• **Data supplied**:

↓

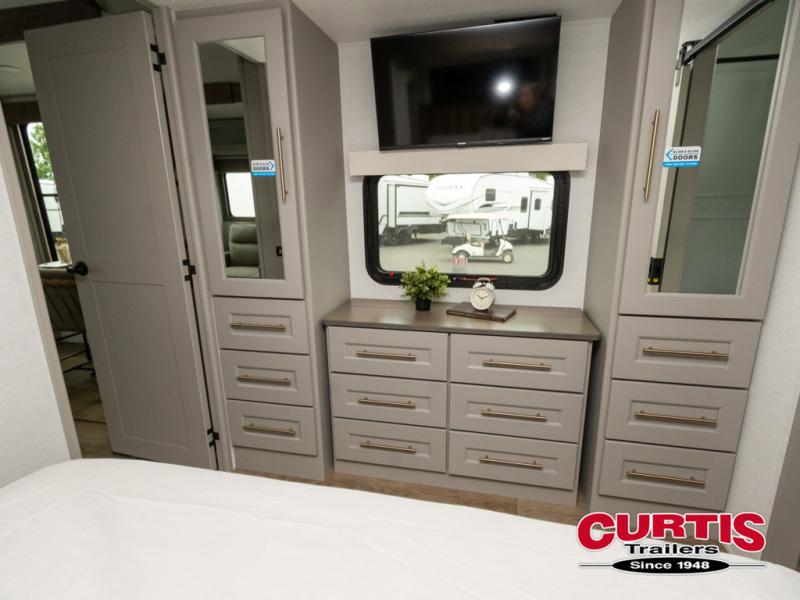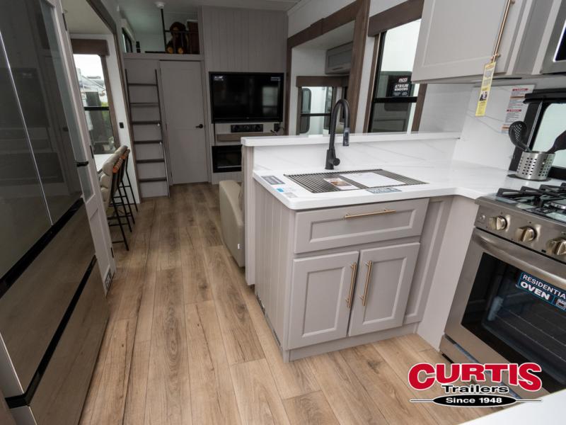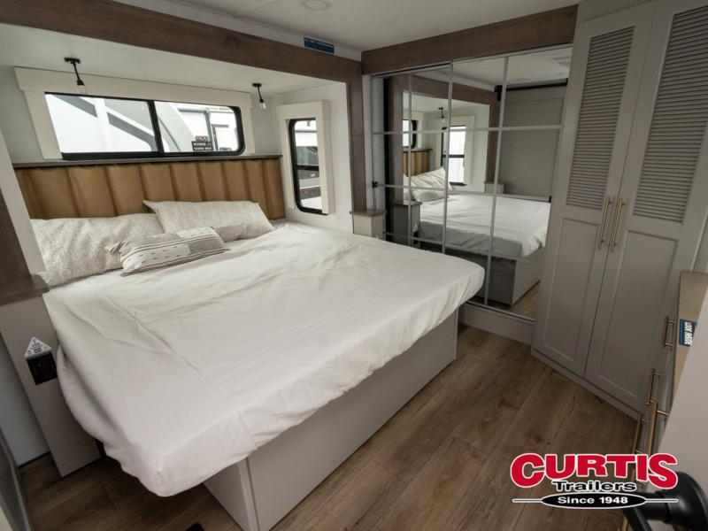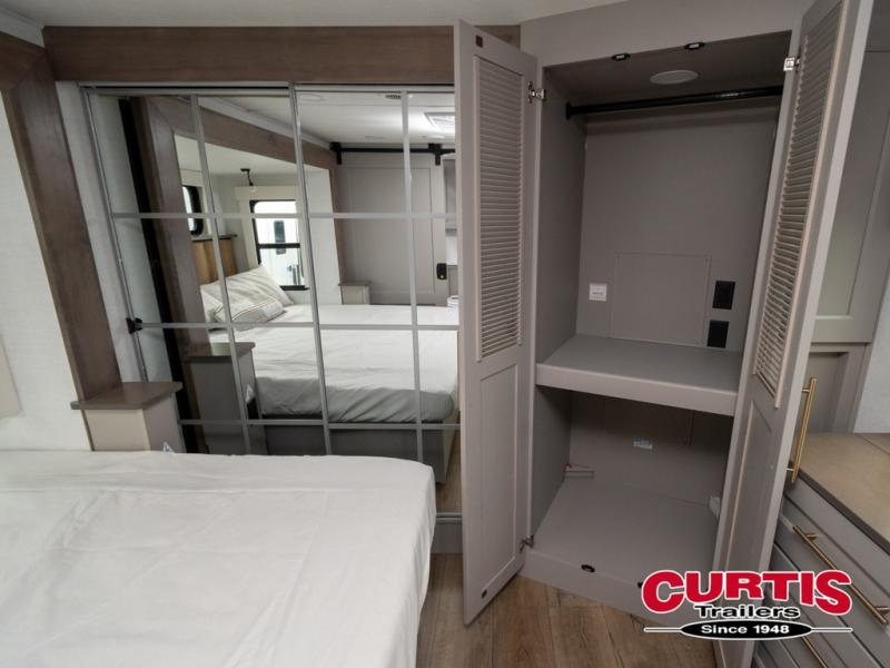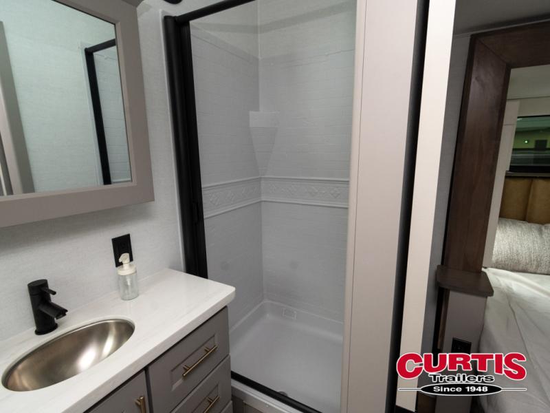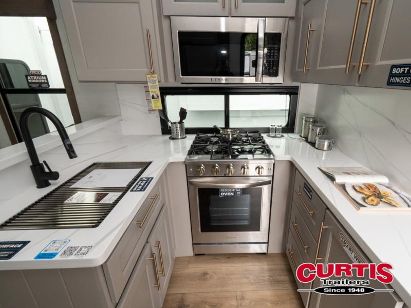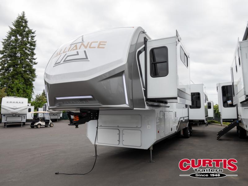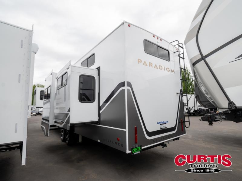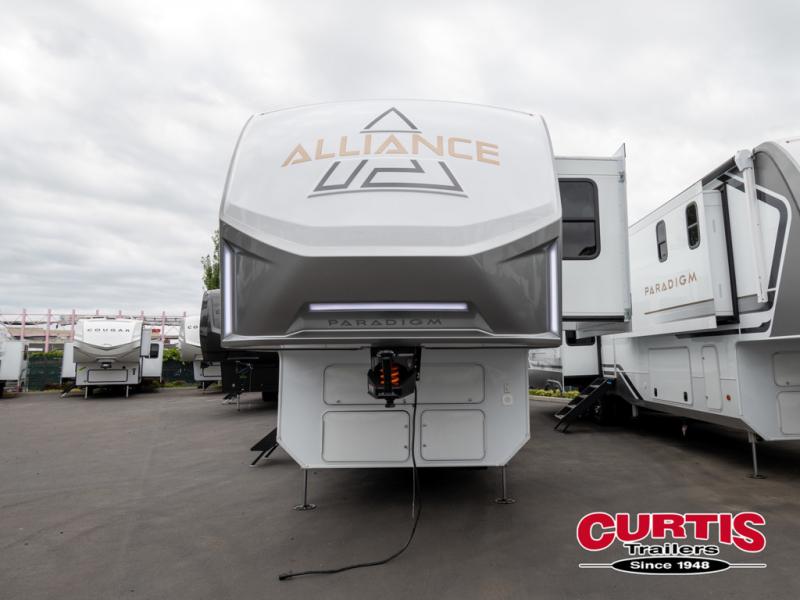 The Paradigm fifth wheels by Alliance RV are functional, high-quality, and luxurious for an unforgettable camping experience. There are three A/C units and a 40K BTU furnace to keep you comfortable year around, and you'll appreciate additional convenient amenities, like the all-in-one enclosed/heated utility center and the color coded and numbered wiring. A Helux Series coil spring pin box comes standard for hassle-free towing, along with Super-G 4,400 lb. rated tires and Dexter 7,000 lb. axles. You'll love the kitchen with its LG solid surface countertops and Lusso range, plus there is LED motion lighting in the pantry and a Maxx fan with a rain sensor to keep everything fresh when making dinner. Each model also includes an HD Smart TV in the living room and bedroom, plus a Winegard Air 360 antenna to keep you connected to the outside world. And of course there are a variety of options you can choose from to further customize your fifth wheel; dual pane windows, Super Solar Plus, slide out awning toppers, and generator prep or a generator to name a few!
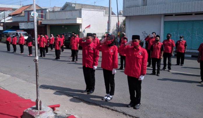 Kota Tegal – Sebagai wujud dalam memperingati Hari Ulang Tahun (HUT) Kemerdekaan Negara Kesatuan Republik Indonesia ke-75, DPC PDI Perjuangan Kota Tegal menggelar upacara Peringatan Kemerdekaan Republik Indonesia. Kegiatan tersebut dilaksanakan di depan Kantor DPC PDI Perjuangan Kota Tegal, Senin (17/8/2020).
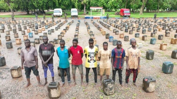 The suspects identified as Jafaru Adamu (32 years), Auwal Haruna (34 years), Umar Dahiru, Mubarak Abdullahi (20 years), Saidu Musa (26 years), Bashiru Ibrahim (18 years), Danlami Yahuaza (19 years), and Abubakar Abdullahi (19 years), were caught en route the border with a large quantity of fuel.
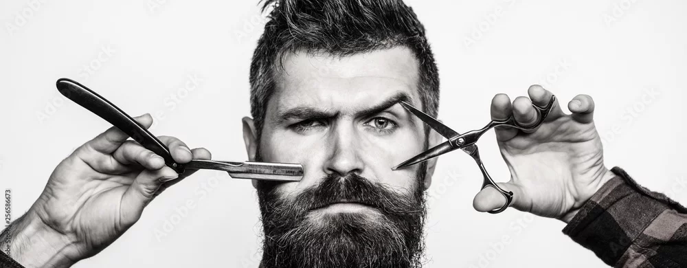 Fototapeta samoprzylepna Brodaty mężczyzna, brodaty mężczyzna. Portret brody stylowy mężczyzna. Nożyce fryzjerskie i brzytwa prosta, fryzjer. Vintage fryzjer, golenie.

↑
↓

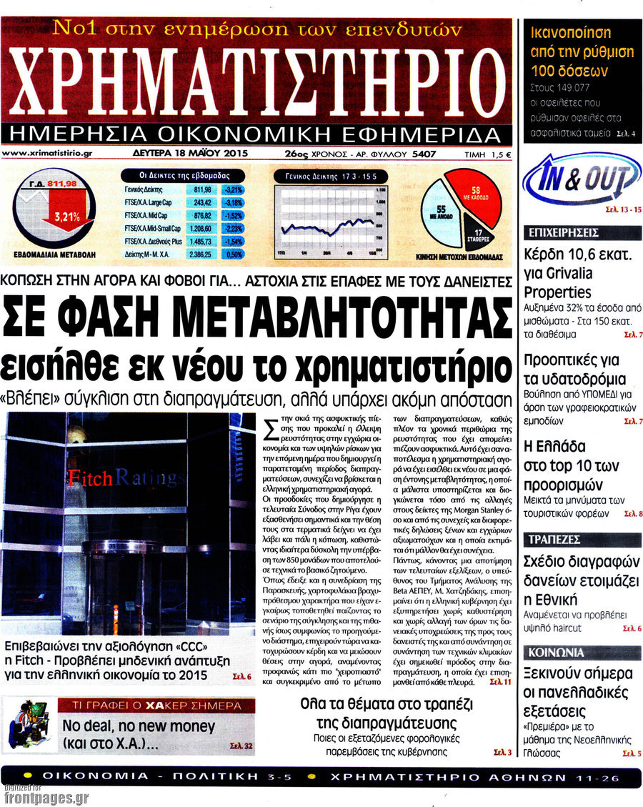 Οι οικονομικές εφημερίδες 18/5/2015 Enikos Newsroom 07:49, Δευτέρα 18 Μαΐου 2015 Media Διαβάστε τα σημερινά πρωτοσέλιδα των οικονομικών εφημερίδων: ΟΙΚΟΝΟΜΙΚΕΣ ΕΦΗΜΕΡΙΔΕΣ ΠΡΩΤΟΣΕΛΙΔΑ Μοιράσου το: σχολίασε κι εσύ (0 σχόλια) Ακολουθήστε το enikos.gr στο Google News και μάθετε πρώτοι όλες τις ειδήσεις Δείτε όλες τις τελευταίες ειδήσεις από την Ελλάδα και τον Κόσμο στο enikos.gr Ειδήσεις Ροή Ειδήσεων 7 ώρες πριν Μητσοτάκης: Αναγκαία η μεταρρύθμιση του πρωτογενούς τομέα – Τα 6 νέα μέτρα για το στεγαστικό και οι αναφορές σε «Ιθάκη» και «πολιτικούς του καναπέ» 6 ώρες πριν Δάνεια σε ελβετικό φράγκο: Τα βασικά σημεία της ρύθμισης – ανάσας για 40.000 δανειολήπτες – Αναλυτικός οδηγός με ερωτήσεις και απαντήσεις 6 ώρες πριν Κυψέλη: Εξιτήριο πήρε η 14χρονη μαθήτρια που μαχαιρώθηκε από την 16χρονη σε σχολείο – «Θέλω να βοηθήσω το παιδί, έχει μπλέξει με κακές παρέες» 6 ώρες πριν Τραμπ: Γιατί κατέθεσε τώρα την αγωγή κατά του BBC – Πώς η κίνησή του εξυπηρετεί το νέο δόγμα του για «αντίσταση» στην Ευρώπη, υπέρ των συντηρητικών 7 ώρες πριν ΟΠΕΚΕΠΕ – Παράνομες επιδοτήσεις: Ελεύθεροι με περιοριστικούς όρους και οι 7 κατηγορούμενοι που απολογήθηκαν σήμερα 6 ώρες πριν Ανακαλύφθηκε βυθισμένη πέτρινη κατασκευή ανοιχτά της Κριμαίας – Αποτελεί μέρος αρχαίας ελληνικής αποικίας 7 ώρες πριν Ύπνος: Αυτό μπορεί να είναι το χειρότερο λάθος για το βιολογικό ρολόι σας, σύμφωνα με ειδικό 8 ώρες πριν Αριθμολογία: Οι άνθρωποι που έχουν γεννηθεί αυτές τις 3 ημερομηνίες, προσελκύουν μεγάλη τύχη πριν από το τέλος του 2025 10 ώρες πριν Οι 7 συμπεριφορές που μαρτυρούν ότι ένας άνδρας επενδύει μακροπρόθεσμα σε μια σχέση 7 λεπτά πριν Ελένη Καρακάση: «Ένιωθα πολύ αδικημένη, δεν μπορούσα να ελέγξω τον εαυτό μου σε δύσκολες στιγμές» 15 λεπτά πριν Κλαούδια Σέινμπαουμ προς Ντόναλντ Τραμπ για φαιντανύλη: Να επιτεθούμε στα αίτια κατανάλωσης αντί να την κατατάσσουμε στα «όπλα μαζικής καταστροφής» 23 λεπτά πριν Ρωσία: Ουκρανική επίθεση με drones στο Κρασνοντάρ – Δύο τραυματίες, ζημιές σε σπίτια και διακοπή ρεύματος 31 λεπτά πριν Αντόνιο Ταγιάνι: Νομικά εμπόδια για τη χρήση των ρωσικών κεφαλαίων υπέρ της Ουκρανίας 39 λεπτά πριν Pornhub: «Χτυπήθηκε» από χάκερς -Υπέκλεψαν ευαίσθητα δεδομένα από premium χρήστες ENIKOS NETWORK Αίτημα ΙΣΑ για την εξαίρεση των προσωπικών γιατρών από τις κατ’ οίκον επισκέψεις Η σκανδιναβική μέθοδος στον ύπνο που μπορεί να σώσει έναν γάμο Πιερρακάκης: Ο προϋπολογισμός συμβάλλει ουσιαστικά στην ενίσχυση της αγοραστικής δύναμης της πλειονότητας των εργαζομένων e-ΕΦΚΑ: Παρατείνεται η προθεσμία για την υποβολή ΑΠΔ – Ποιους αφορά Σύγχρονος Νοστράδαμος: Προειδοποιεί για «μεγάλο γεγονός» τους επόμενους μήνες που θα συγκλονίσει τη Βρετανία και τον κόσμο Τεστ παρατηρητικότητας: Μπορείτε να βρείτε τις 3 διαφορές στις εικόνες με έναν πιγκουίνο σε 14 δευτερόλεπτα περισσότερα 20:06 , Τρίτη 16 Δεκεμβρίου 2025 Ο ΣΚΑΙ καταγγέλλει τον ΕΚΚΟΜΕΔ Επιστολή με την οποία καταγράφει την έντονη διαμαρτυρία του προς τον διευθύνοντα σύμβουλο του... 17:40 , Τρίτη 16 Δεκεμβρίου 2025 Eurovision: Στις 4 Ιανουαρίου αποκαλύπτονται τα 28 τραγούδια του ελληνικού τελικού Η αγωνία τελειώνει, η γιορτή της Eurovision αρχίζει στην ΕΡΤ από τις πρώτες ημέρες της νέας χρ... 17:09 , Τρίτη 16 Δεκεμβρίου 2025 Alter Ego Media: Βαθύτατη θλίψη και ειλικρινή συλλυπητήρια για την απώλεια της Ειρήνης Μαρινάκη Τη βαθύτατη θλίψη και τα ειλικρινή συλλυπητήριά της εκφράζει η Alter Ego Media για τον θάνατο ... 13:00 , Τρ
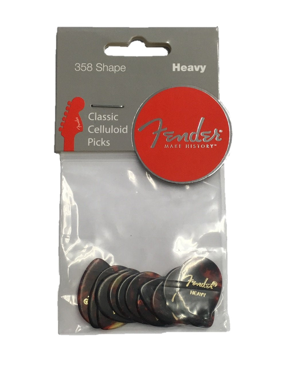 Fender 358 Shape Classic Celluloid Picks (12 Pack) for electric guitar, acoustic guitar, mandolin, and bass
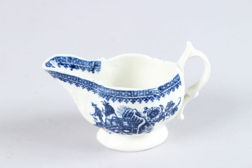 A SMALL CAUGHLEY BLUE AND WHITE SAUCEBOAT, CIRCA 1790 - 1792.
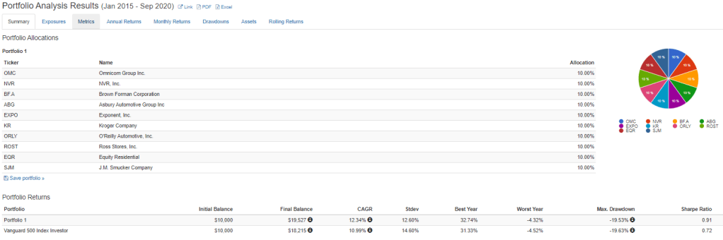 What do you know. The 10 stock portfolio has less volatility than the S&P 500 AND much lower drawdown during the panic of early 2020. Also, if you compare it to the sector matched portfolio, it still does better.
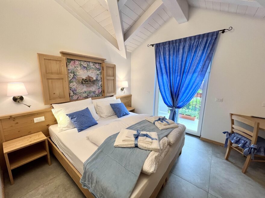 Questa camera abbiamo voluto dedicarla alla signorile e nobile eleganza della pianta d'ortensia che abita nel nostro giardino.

↑

• **Exercise brief**: Print from the line containing "Fender 358 Shape" through the line containing "Questa camera abbiamo" in the data above, exactly as the lines stand, and omit every picture.

• **Finished task**:
 Fender 358 Shape Classic Celluloid Picks (12 Pack) for electric guitar, acoustic guitar, mandolin, and bass
 A SMALL CAUGHLEY BLUE AND WHITE SAUCEBOAT, CIRCA 1790 - 1792.
 What do you know. The 10 stock portfolio has less volatility than the S&P 500 AND much lower drawdown during the panic of early 2020. Also, if you compare it to the sector matched portfolio, it still does better.
 Questa camera abbiamo voluto dedicarla alla signorile e nobile eleganza della pianta d'ortensia che abita nel nostro giardino.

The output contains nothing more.